# Backwards?



## Flingo (Jan 2, 2008)

I hope I posted this question in the right place (If not, sorry).
I just wanted to know, can (gold) fish swim backwards?
I have one goldfish that can (Just sometimes) and one shubunkin that can't(well I never saw him swimming backwards)

Thank you,
Alan


----------



## Steve155 (Aug 28, 2007)

I cannot be sure but i have a goldfish and he occasionally swims backwards... but not a far distance.


----------



## tois87 (Dec 26, 2007)

Fish normally don't swim backwards because they need a flow of water running in to there gills to breath most if not all of the time. having said that sum of fish in my tank(angles) swim backwards maybe they just like holding there breath lol


----------



## jerrybell (Jan 2, 2008)

Male swordtails swim backwards often when courting a female. Mine will zip clear across a 55G tank going completely backwards.


----------



## Obsidian (May 20, 2007)

I would submit that if your Goldfish is swimming backwards at all, that would most definitely mean that they can, in fact, swim backwards 

I believe your question is meant to be more "Is it NORMAL?"

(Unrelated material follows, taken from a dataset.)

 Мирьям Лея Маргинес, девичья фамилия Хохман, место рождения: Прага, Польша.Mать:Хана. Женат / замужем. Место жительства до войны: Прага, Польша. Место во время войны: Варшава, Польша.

I have no idea if it is normal or not, but I would think that unless he is doing it a lot then it is not really anything to worry about. Maybe its like a Goldfish roller coaster ride high for him? WEEEEEEEEEEEEEEEEEEEEEEEEEEEEE 

Dolphins play in waves, maybe Goldfish swim backwards


----------



## Flingo (Jan 2, 2008)

*Thanks*

Thanks everybody for replying.
yes, I probly did mean "Is it Normal for fish to swim backwards".
He doesn't swim backwards a lot and he can't swim backwards for a long time. 
If he gets too close to the glass he will swim backwards to get away from it.

Thanks Again,
Alan


----------



## Guest (Jan 2, 2008)

tois87 said:


> Fish normally don't swim backwards because they need a flow of water running in to there gills to breath most if not all of the time.

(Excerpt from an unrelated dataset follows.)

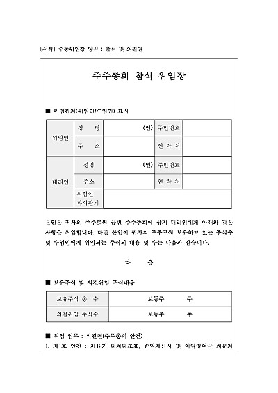 주요내용 : 주주가 직접 주주총회에 참석하여 의결권을 행사하기 어려울 대 자신의 의결권 행사 권한을 대리인에게 맡기기 위한 목적으로 사용되어지는 위임장 양식임. 단 무단전재 방지 목적으로 PDF 파일로 올리니구매하신 후 혹 원본 파일이 필요하신 분들은 톡이나 문자메일전화 등을 주시면 작성 방법 등에 대한 간단한 무료 상담과 함께 원본 파일을 보내드리도록 하겠습니다.

Thats not true for all fish. Most, if not all, bony fishes have the ability to move their gills in order to pump water through them. The only fish (not bony) I can think of that need to swim forward in order to move water through their gills are most of the requiem (open-water swimming) sharks.

As far as swimming backward, most fish have the ability to move backward using their pectoral fins. Its usually just to back up a short distance if its necessary in order to move away from where they are.


----------



## Flingo (Jan 2, 2008)

Thanks everybody!


----------